Google Updates ReCAPTCHA With Easier CAPTCHAs For Humans
An anonymous reader writes "Google today released an update to its reCAPTCHA system that creates different classes of CAPTCHAs for different kinds of users. In short, it makes your life easier if you're a human, and your work much harder if you're a bot. Unsurprisingly, Google wouldn't share too much detail as to how the new system works, aside from saying it uses advanced risk analysis techniques, actively considering the user's entire engagement (before, during and after) with the CAPTCHA. In other words, the distorted letters are not the only test."
The CAPTCHA is influenced by what you do after you exit it?
They're extending the user categorisation checks. It checks your IP address against a risk and Geo database. You're all smart enough to know what makes certain users riskier (eg: excessive requests, certain countries, is a Tor exit node etc.). They're just doing that properly now.
She ends up on a bum IP and ends up getting hopelessly indecipherable gibberish as the verification for paying her electric bill?
Not sure blacklisting is the best way to go about this...

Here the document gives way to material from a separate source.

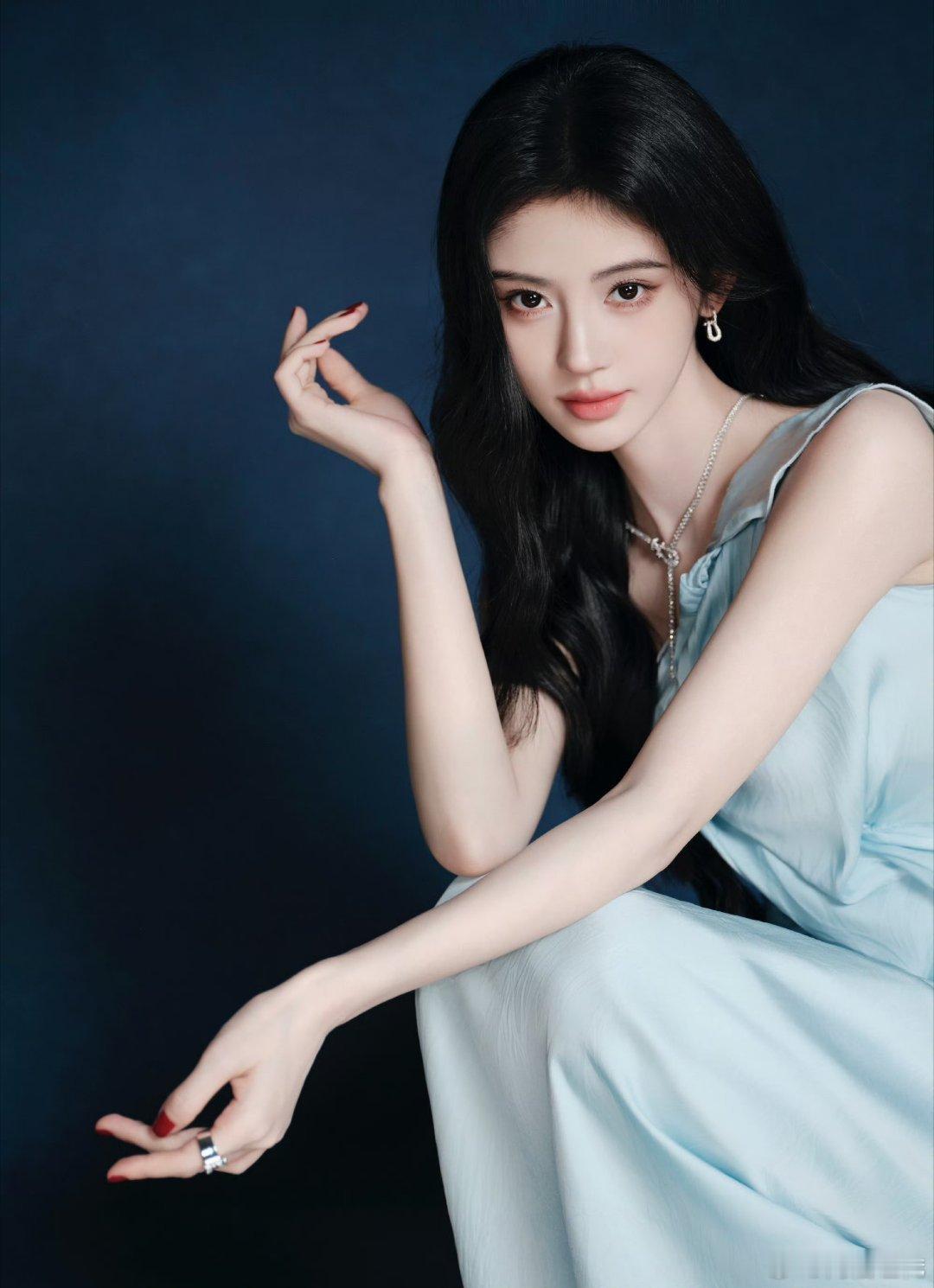 鞠婧祎时尚芭莎珠宝年度盛典造型,冰蓝色高定长裙,好清新的美~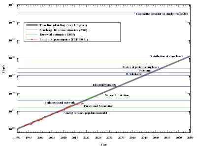دلایل خوبی برای باور داشتن وجود دارد که، صرف نظر از استراتژی پیادهسازی، پیشبینیهای انجام مغز مصنوعی در آینده نزدیک خوشبین هستند. به ویژه مغز (از جمله مغز انسان) و شناخت در حال حاضر به خوبی درک نمیشود، و مقیاس محاسبات مورد نیاز ناشناخته است. یکی دیگر از محدودیتهای نزدیک مدت این است که تمام رویکردهای فعلی برای شبیهسازی مغز نیاز به سفارش مصرف انرژی بزرگتری نسبت به مغز انسان دارد. مغز انسان حدود ۲۰ را مصرف میکند W از قدرت در حالی که ابر رایانههای فعلی ممکن است تا مقدار ۱ استفاده کنید MW یا سفارش ۱۰۰٬۰۰۰ بیشتر.

On those ones have you ever tried hitting the button that's supposed to say the captcha out loud just in case you can't read it?(Which is most of the time) I swear it sounds like some sort of inhuman moaning straight from the Necronomicon that would be more appropriate to summon some sort of demon.
Did you know 80 to 90% of the moderators on slashdot wouldn't recognize a troll even if one dragged them under a bridge.
What it could mean is that Google has caught up with the Copyright Term Extension Act of 1998 and finished all notable books in the English language published before 1923. Google has to set reCAPTCHA to read house numbers for Google Maps to pass the time until 2019 when copyrights will start expiring again barring yet another legislative extension.
If the earlier checks suggest it's likely to be a bot, use a harder captcha to double check. If it's likely to be a human, use an easier captcha as confirmation.
If the system is pretty sure it's a returning user, FaceTuring doesn't require a captcha at all. I don't know if recaptcha ever goes as far as not requiring the captcha at all.
1. Google uses analytics and other techniques to find the IP addresses that are "captcha-busters".
2. Automate their captcha generator to feed into these with honeypot pages to see which ones they can bust.
3. Assemble lists of ones they cannot.
4. Profit!
It's a dynamic, revolving door, but when automated it's great. BTW I wouldn't mind a new job there, hint hint.
(-1: Post disagrees with my already-settled worldview) is not a valid mod option.
I've been whining about this for years.
...no doubt the same techniques used in their excellent spam filter setup on gmail. You know, the one that will repeatedly mark incoming mail as spam even though you have already marked it over and over as "not spam". Or the classic: Google marks as spam incoming mail with a sent-from address that matches an already verified alias in your own account.
Yeah, I know, there's no way I can be right in light of the thousands of PhD's employed by Google. The collective brainpower is staggering, so Google will always be right in everything they do.
What you describe can happen if the headers in the email appear to be forged. *That* can happen if your email is being routed strangely.
Here's one example: my organization uses hosted gmail for our domain email. However, our *institution* sold out to Microsoft. We were allowed to continue to use our hosted gmail. "Whew, dodged that bullet!", I thought, until email from other gmail users started being marked as "Person X may not have sent this email", and my Amazon.com order/shipping notifications started being sent to the spam folder.
What happened? Our institutional overlords required that our email be routed through MS' outlook.com servers. Thus all our inbound email appeared to have forged headers. GMail legitimately ignored my whitelist filter rules when it appeared that the field values for "from:", etc, were forged.